## What you should do
Without the pictures, repeat the listing character for character.

## Provided data
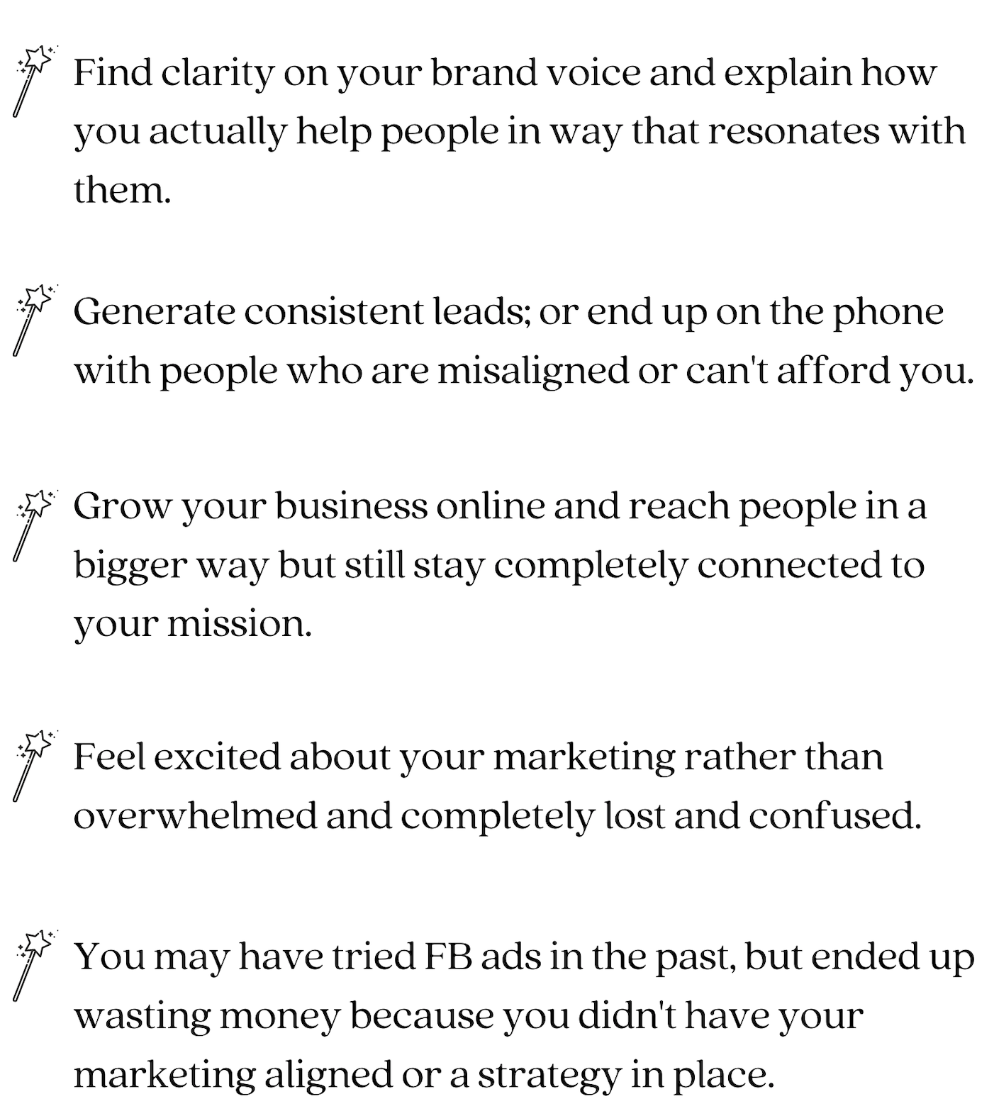 I support coaches, healers, creatives and entrepreneurs navigate the world of Facebook Ads, create comprehensive marketing strategies and execute campaigns that drive real-world results.
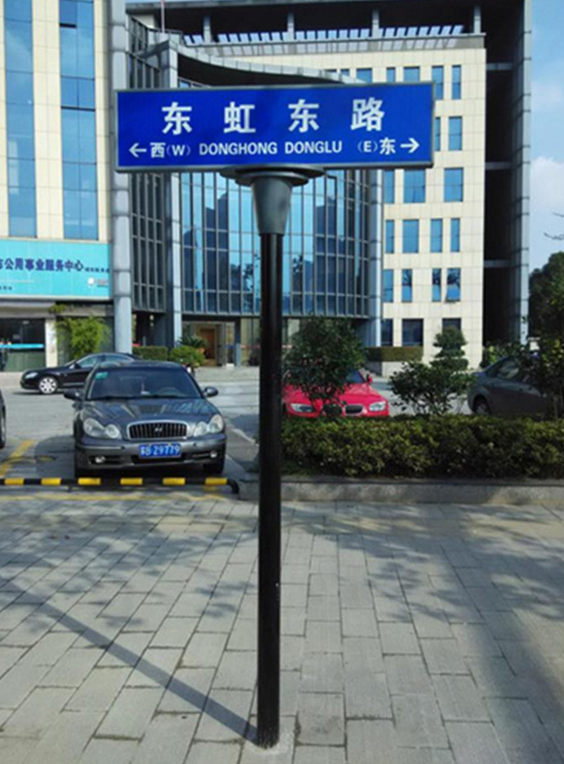 產(chǎn)品工藝:立柱表面處理采用靜電噴塑、汽車烤漆等,牌頭采用型材制作,標(biāo)準(zhǔn)件ABS托盤,路名字+底膜均采用工程級(jí)反光膜等。
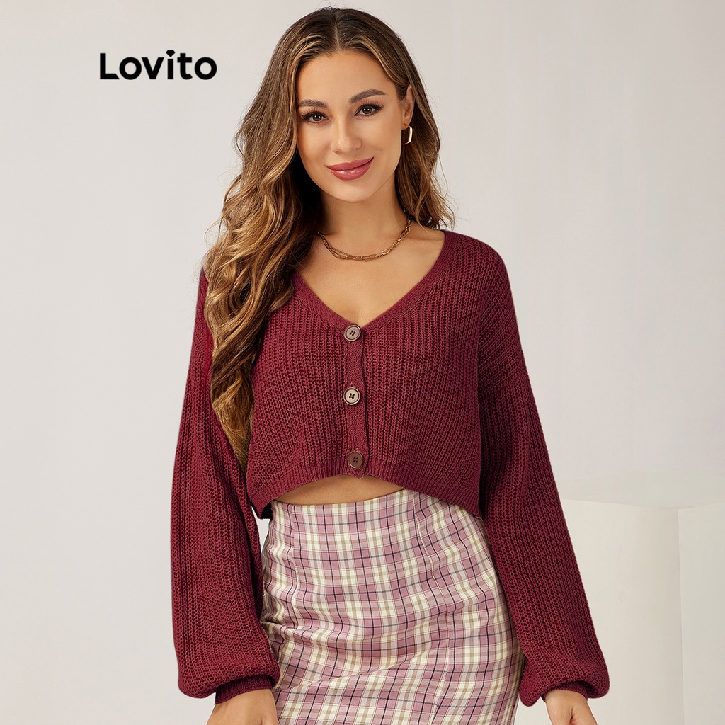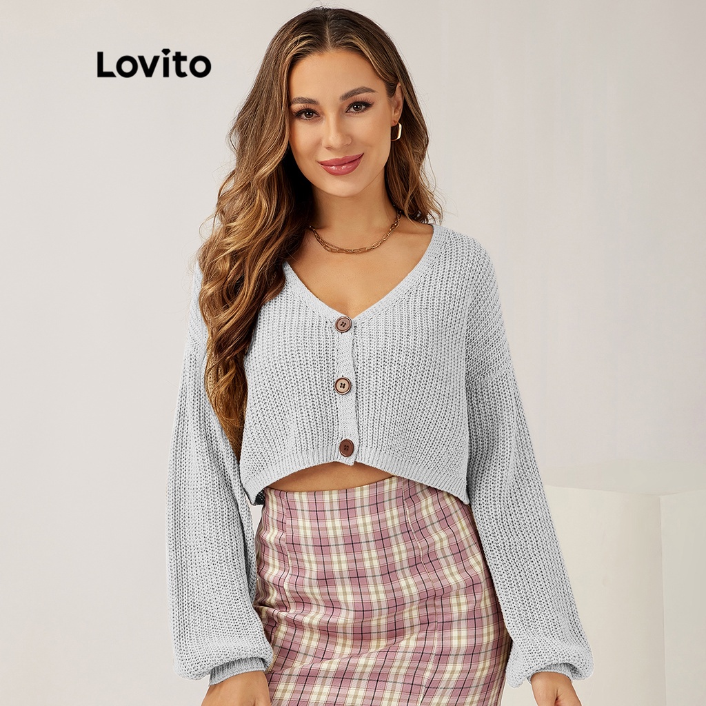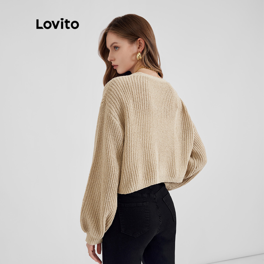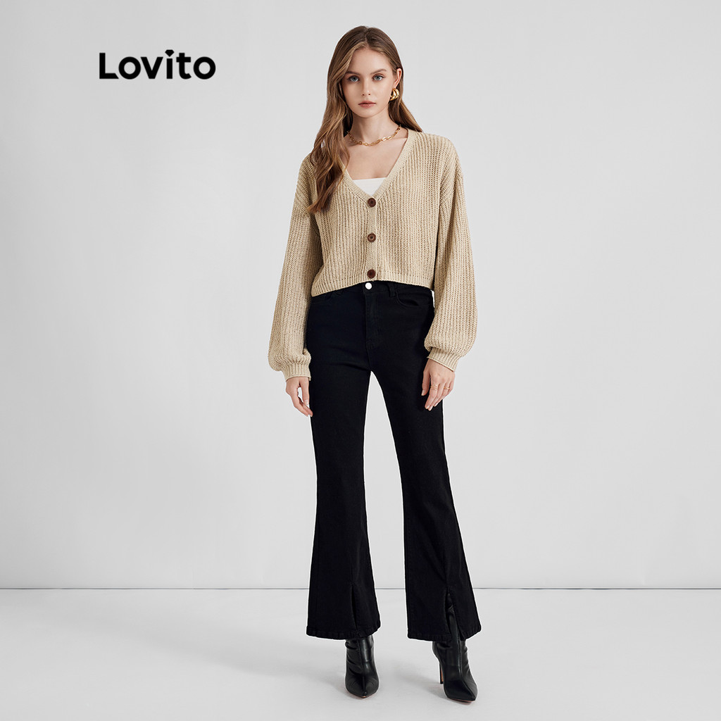 Lovito Cardigans Lisos Manga Longa Com Botões E Tricot Para Mulheres L21LT091 (Caqui/Branco)
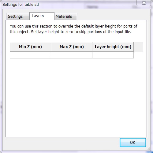 Slic3r | PlaterタブSettings>Layers / 各層固有の設定

## Response below
 I support coaches, healers, creatives and entrepreneurs navigate the world of Facebook Ads, create comprehensive marketing strategies and execute campaigns that drive real-world results.
 產(chǎn)品工藝:立柱表面處理采用靜電噴塑、汽車烤漆等,牌頭采用型材制作,標(biāo)準(zhǔn)件ABS托盤,路名字+底膜均采用工程級(jí)反光膜等。
 Lovito Cardigans Lisos Manga Longa Com Botões E Tricot Para Mulheres L21LT091 (Caqui/Branco)
 Slic3r | PlaterタブSettings>Layers / 各層固有の設定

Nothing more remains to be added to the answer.